-- What is being asked --
Only one portion of the data is to be written out: from the line bearing "Speciale parrocchia San" through the line bearing "Edles Lingerie-Set aus". Write it exactly as it appears.

-- Given information --
_ _ _

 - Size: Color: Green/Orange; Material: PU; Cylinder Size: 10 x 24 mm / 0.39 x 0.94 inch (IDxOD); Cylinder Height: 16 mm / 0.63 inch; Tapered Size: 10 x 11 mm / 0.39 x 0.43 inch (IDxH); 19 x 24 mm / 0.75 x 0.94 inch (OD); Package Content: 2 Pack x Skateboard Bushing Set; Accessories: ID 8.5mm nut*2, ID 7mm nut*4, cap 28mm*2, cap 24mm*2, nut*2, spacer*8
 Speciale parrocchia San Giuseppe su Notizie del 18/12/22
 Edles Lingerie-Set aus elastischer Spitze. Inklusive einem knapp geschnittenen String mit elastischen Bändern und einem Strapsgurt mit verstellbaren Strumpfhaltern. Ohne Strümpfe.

_ _ _

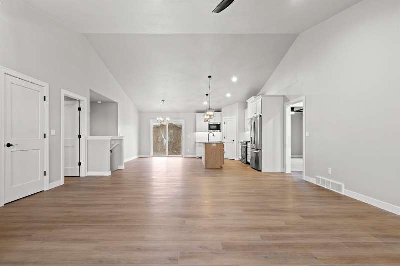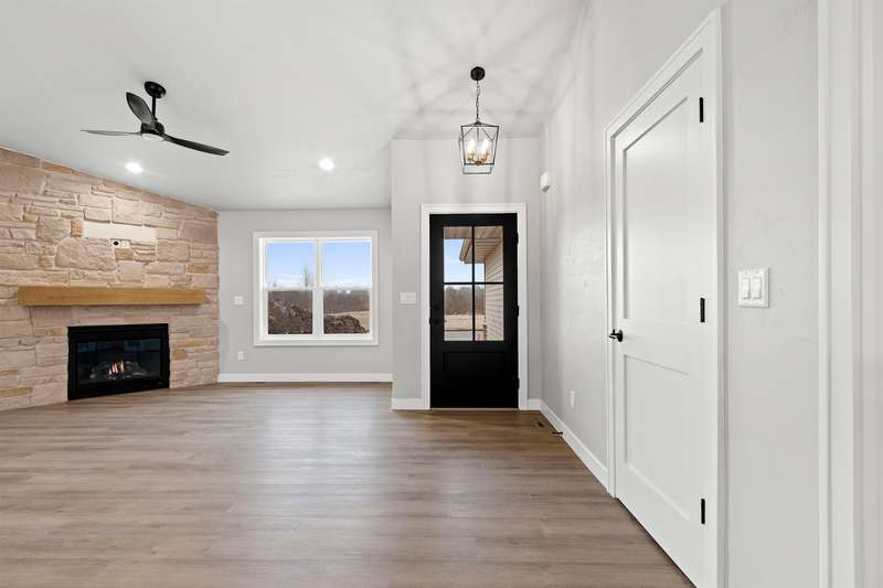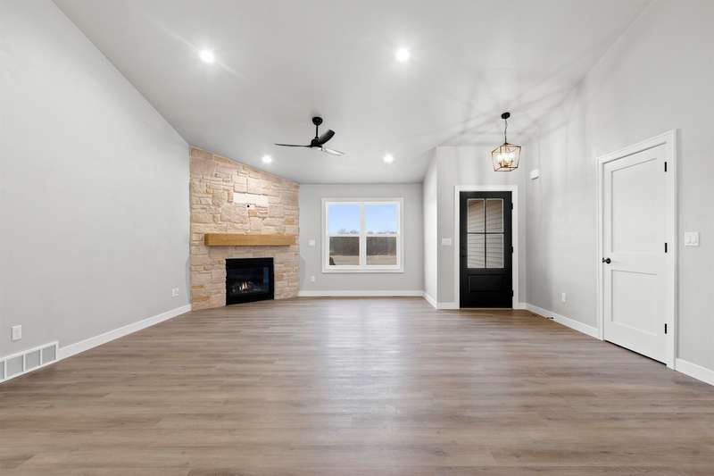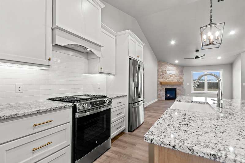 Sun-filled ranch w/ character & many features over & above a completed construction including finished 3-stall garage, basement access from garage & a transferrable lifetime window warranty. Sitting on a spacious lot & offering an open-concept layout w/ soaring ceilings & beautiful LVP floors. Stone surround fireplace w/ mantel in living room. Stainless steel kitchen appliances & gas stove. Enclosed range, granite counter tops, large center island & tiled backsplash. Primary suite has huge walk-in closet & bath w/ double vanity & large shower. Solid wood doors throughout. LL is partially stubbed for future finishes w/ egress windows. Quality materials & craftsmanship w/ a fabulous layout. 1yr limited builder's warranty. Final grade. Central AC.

_ _ _

-- Solved problem --
 Speciale parrocchia San Giuseppe su Notizie del 18/12/22
 Edles Lingerie-Set aus elastischer Spitze. Inklusive einem knapp geschnittenen String mit elastischen Bändern und einem Strapsgurt mit verstellbaren Strumpfhaltern. Ohne Strümpfe.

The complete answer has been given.